[Records contained in a dataset]
----------

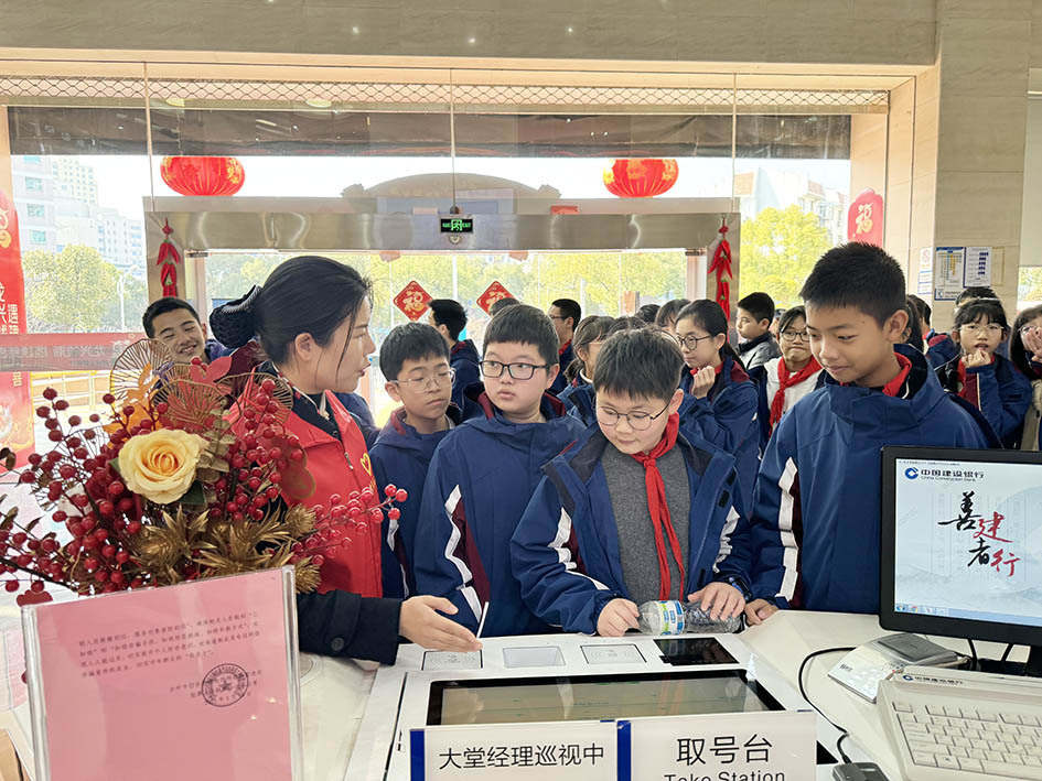 “阿姨,錢是怎么出來的?”“我沒有銀行卡可以存錢嗎?”“我的銀行卡我媽媽幫我保管,不告訴她密碼她能取走我的壓歲錢嗎?”……2月的一天,建行浙江臺州溫嶺支行的營業(yè)大廳內(nèi)擠滿了一堆戴著紅領(lǐng)巾的中學(xué)生們,好奇心驅(qū)使著他們摸摸這、摸摸那,嘰嘰喳喳,好不熱鬧。為了提升中小學(xué)生的金融素養(yǎng),豐富和拓展學(xué)生視野,溫嶺建行與溫嶺市第三中學(xué)合作開展了主題為“以實踐洞察職業(yè)、以未來塑造人生”的社會實踐活動,邀請溫嶺市第三中學(xué)初一年級段的學(xué)生們到溫嶺建行進行參觀學(xué)習(xí)。
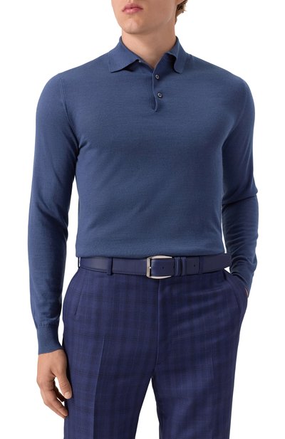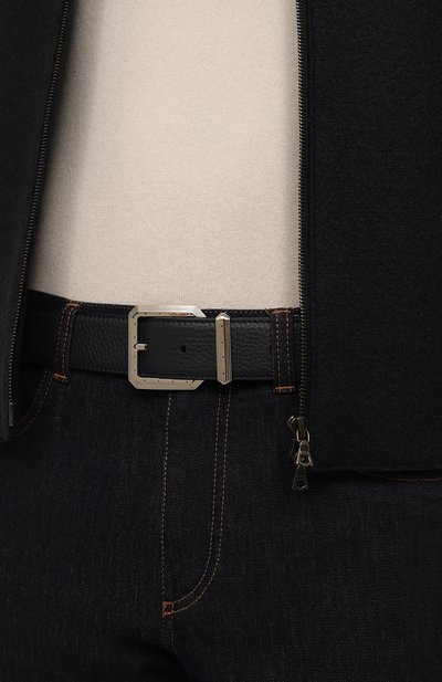Ремень стандартной ширины выполнили из крупнозернистой телячьей кожи. Аксессуар с двумя шлевками регулируется квадратной серебристой пряжкой с рифлеными узорами.
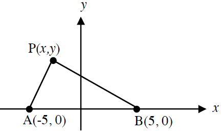 Points A and B are 10 km apart and it is determined from the sound of an explosion heard at those points at different times that the location of the explosion is 6 km closer to A than B . Show that the location of the explosion is restricted to a particular curve and find an equation of it.
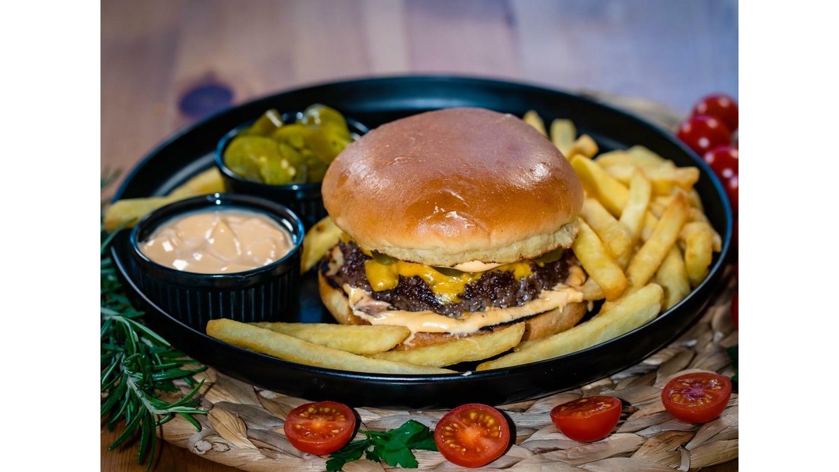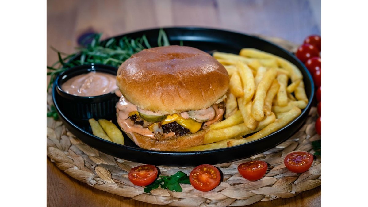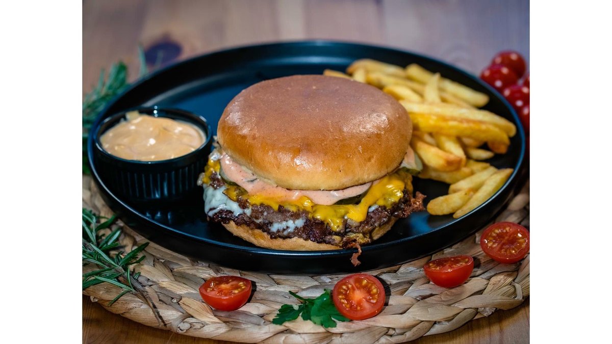 Carne vita, branza cheddar, mozzarella, sos cocktail, castraveti murati, ceapa grill, cartofi, sos
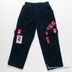 Вельветовые брюки прямого силуэта. В пояс вставлена резинка, пришиты шлевки. Два передних кармана, два боковых кармана на брючинах. Изделие украшено аппликациями и нашивками.
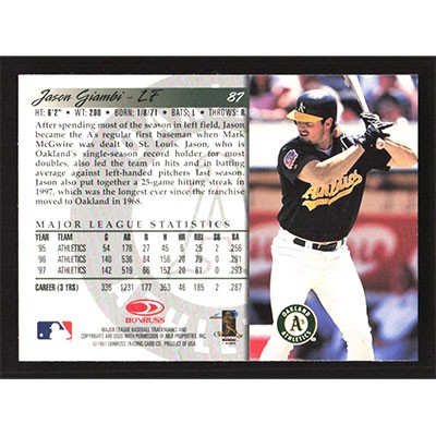 This is a 1998 Donruss Jason Giambi baseball card. The card is #87 and pictures show condition.
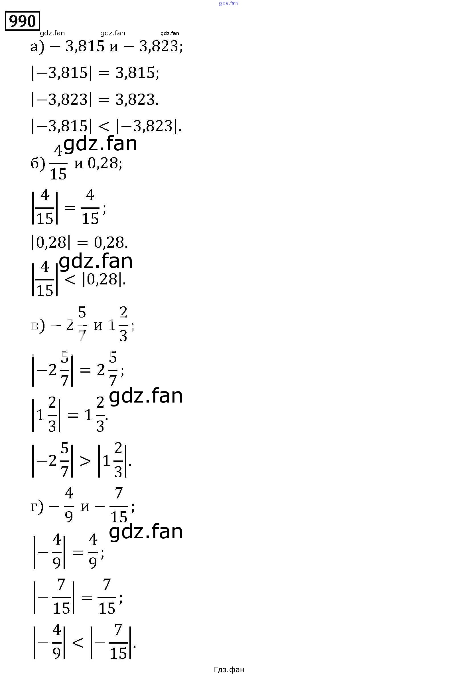 Проверка домашнего задания всегда занимает большое количество времени. На помощь приходит ГДЗ фан по Математике шестого класса. Здесь собраны популярные ответы на 990 (стр. 166) Математика 6 класс Виленкин Н.Я.
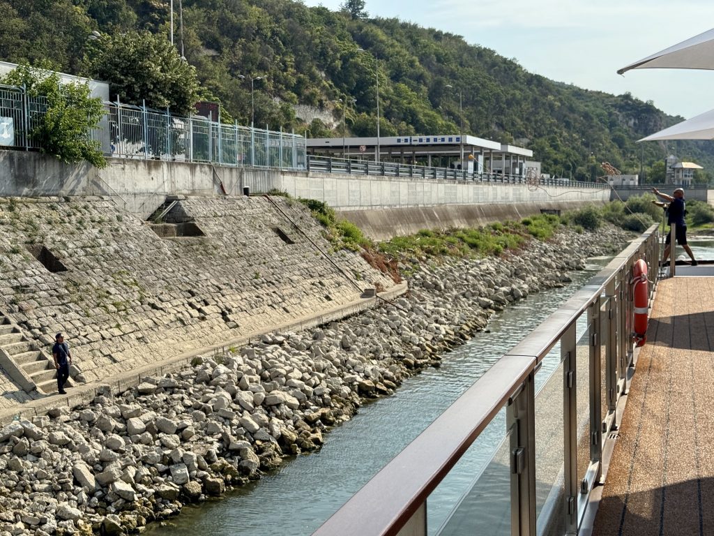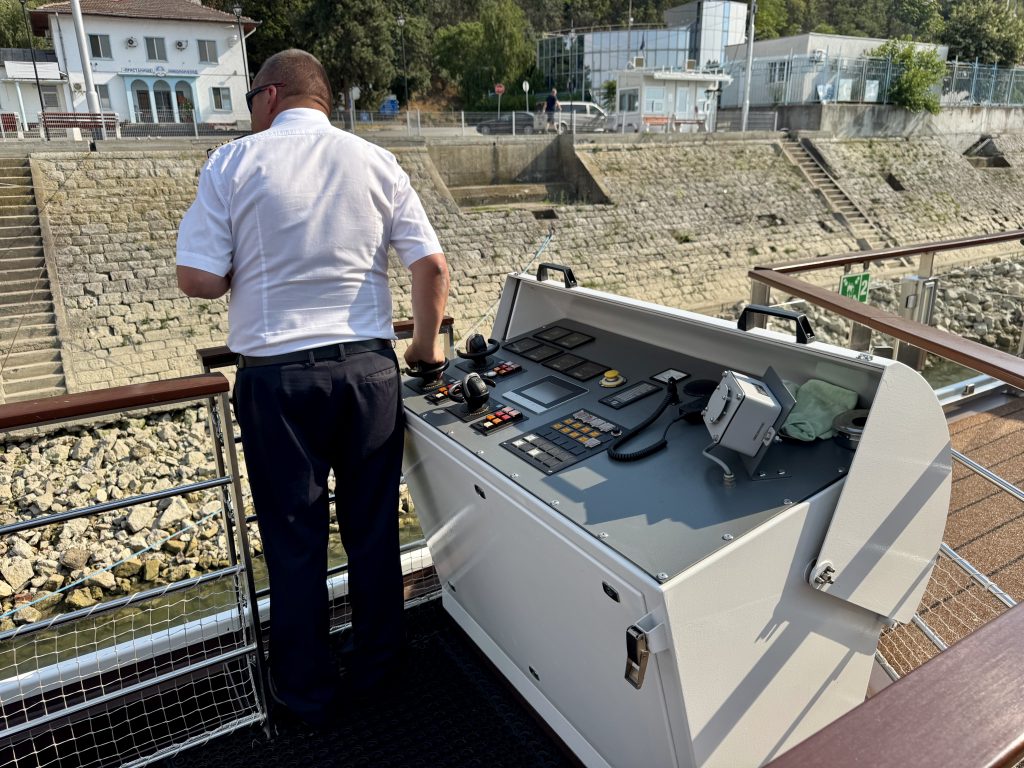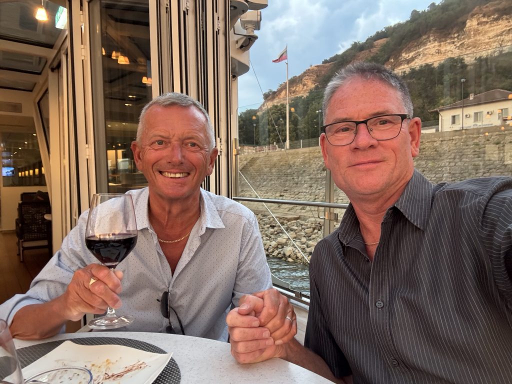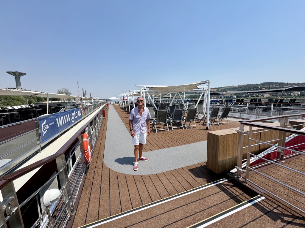 Our departure time is 16:45 so we head up onto the top deck to watch our sailaway, just us, the Captain and a couple of deck-hands. Our journey consists of about half a mile, as we break free from the Bolero parked next to us, and then gently cross from the left bank to the right bank, in doing so we change country from Romania to Bulgaria. The staff secure us to the pontoon at Nikopol, from where tomorrow’s adventures will start.
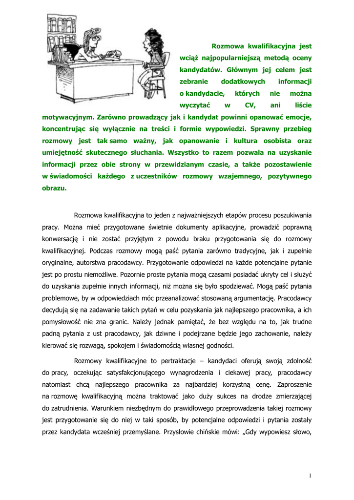 Rozmowa kwalifikacyjna jest wciąŜ najpopularniejszą metodą oceny kandydatów. Głównym jej celem jest zebranie dodatkowych o kandydacie, wyczytać w których CV, informacji nie moŜna ani liście motywacyjnym. Zarówno prowadzący jak i kandydat powinni opanować emocje, koncentrując się wyłącznie na treści i formie wypowiedzi. Sprawny przebieg rozmowy jest tak samo waŜny, jak opanowanie i kultura osobista oraz umiejętność skutecznego słuchania. Wszystko to razem pozwala na uzyskanie informacji przez obie strony w przewidzianym czasie, a takŜe pozostawienie w świadomości kaŜdego z uczestników rozmowy wzajemnego, pozytywnego obrazu. Rozmowa kwalifikacyjna to jeden z najwaŜniejszych etapów procesu poszukiwania pracy. MoŜna mieć przygotowane świetnie dokumenty aplikacyjne, prowadzić poprawną konwersację i nie zostać przyjętym z powodu braku przygotowania się do rozmowy kwalifikacyjnej. Podczas rozmowy mogą paść pytania zarówno tradycyjne, jak i zupełnie oryginalne, autorstwa pracodawcy. Przygotowanie odpowiedzi na kaŜde potencjalne pytanie jest po prostu niemoŜliwe. Pozornie proste pytania mogą czasami posiadać ukryty cel i słuŜyć do uzyskania zupełnie innych informacji, niŜ moŜna się było spodziewać. Mogą paść pytania problemowe, by w odpowiedziach móc przeanalizować stosowaną argumentację. Pracodawcy decydują się na zadawanie takich pytań w celu pozyskania jak najlepszego pracownika, a ich pomysłowość nie zna granic. NaleŜy jednak pamiętać, Ŝe bez względu na to, jak trudne padną pytania z ust pracodawcy, jak dziwne i podejrzane będzie jego zachowanie, naleŜy kierować się rozwagą, spokojem i świadomością własnej godności. Rozmowy kwalifikacyjne to pertraktacje – kandydaci oferują swoją zdolność do pracy, oczekując satysfakcjonującego wynagrodzenia i ciekawej pracy, pracodawcy natomiast chcą najlepszego pracownika za najbardziej korzystną cenę. Zaproszenie na rozmowę kwalifikacyjną moŜna traktować jako duŜy sukces na drodze zmierzającej do zatrudnienia. Warunkiem niezbędnym do prawidłowego przeprowadzenia takiej rozmowy jest przygotowanie się do niej w taki sposób, by potencjalne odpowiedzi i pytania zostały przez kandydata wcześniej przemyślane. Przysłowie chińskie mówi: „Gdy wypowiesz słowo, 1 zyskuje ono władzę nad Tobą. Dopóki nie zostanie wypowiedziane, to Ty masz nad nim władzę”. R REEK KR RU UTTAACCJJAA kandydatów do pracy to komunikowanie się danej firmy z rynkiem pracy w celu pozyskania odpowiednich osób na konkretne stanowisko pracy. Funkcje rekrutacji: informacyjna – przedstawienie warunków pracy i potrzeb konkretnego zakładu na konkretnym rynku pracy; motywacyjna – wywołanie zainteresowania właściwych grup zawodowych; preselekcyjna – dokonanie wstępnej selekcji ofert (dokumentów aplikacyjnych) złoŜonych przez kandydatów. SSEELLEEK KCCJJAA K KAAN ND DYYD DAATTÓ ÓW W polega na zbieraniu informacji o kandydatach na pracowników i dokonywaniu wyboru najbardziej odpowiedniego na dane stanowisko. Selekcji dokonuje się wśród kandydatów pozyskanych wskutek przeprowadzonej rekrutacji. R Reekkrruuttaaccjjaa m mooŜŜee bbyyćć:: ogólna – prowadzona według standardowych i prostych procedur, by przyciągnąć jak największą liczbę kandydatów na stanowisko np. związane z produkcją; wyspecjalizowana – opracowana według jednostkowych, indywidualnych i czasami skomplikowanych procedur dla przyciągnięcia kandydatów – specjalistów. W WyyrróóŜŜnniiaam myy ddw wiiee ffoorrm myy rreekkrruuttaaccjjii:: Rekrutacja wewnętrzna – jest oparta o wewnętrzny rynek pracy, który tworzą osoby zatrudnione w firmie. WiąŜe się to z mniejszymi kosztami niŜ w wypadku innych metod poszukiwania nowych pracowników. Proces wewnętrznej rekrutacji zaczyna się przez poinformowanie personelu (drogą słuŜbową, poprzez np. ogłoszenia) i stosuje się tutaj najczęściej poniŜsze metody: analizę dokumentów kadrowych, obserwację, wywiad i rekomendację bezpośrednich kierowników, oddelegowanie, ogłoszenia wewnętrzne. Rekrutacja zewnętrzna – prowadzona jest na otwartym rynku pracy przy uŜyciu większego zakresu metod, których zróŜnicowanie zaleŜy w znacznym stopniu od tego, czy realizowana jest rekrutacja ogólna (informacje ustne, rekomendacje, ogłoszenia w mediach lokalnych i ogólnokrajowych, współpraca z urzędami pracy, prowadzenie akcji „otwartych drzwi”, korzystanie z pomocy agencji doradztwa personalnego, firm konsultingowych) czy segmentowa (brany jest pod uwagę wyselekcjonowany rynek i na nim koncentruje się uwaga organizacji; jej słabą stroną są wyŜsze koszty rekrutacji, większe ryzyko popełnienia błędów przy selekcji, dłuŜsza adaptacja do nowych warunków pracy). 2 EEttaappyy pprroocceessuu rreekkrruuttaaccyyjjnneeggoo:: zebranie ofert preselekcja szczegółowa selekcja ofert zastosowanie innych metod selekcyjnych wybór najlepszych kandydatów ostateczny wybór kandydata zatrudnienie kandydata M Meettooddyy ddoobboorruu ii oocceennyy kkaannddyyddaattóów w:: analiza dokumentów wywiady – rozmowy kwalifikacyjne referencje bio-dane analiza grafologiczna ocena zintegrowana (Assessment Centre) testy: psychometryczne, praktyczne, inteligencji, umiejętności, merytoryczne, językowe, badające predyspozycje psychiczne TTrraaffnniiee ookkrreeśślloonnyy pprrooffiill oossoobboow wyy w wsskkaazzuujjee,, jjaakkaa oossoobbaa jjeesstt ppoottrrzzeebbnnaa ddoo w włłaaśścciiw weeggoo ii kkoom mppeetteennttnneeggoo w wyykkoonnyyw waanniiaa ccaałłeejj pprraaccyy nnaa ddaannyym m ssttaannoow wiisskkuu.. W Wyym maaggaanniiaa nniiee ppoow wiinnnnyy ooppiieerraaćć ssiięę nnaa pprrzzeesszzłłoośśccii ii zzw wiiąązzaannyycchh zz nniiąą ppoottrrzzeebbaacchh,, lleecczz w wyybbiieeggaaćć w w pprrzzyysszzłłoośśćć ii pprrzzeew wiiddyyw waaćć,, jjaakkiiee cceecchhyy bbęęddąą nnaajjppoottrrzzeebbn

----------

◆ **PROBLEM REQUIREMENTS**
From the line holding "Проверка домашнего задания" to the line holding "Our departure time", both included, retype the entries above exactly and drop the pictures.

◆ **SOLVED PROBLEM**
 Проверка домашнего задания всегда занимает большое количество времени. На помощь приходит ГДЗ фан по Математике шестого класса. Здесь собраны популярные ответы на 990 (стр. 166) Математика 6 класс Виленкин Н.Я.
 Our departure time is 16:45 so we head up onto the top deck to watch our sailaway, just us, the Captain and a couple of deck-hands. Our journey consists of about half a mile, as we break free from the Bolero parked next to us, and then gently cross from the left bank to the right bank, in doing so we change country from Romania to Bulgaria. The staff secure us to the pontoon at Nikopol, from where tomorrow’s adventures will start.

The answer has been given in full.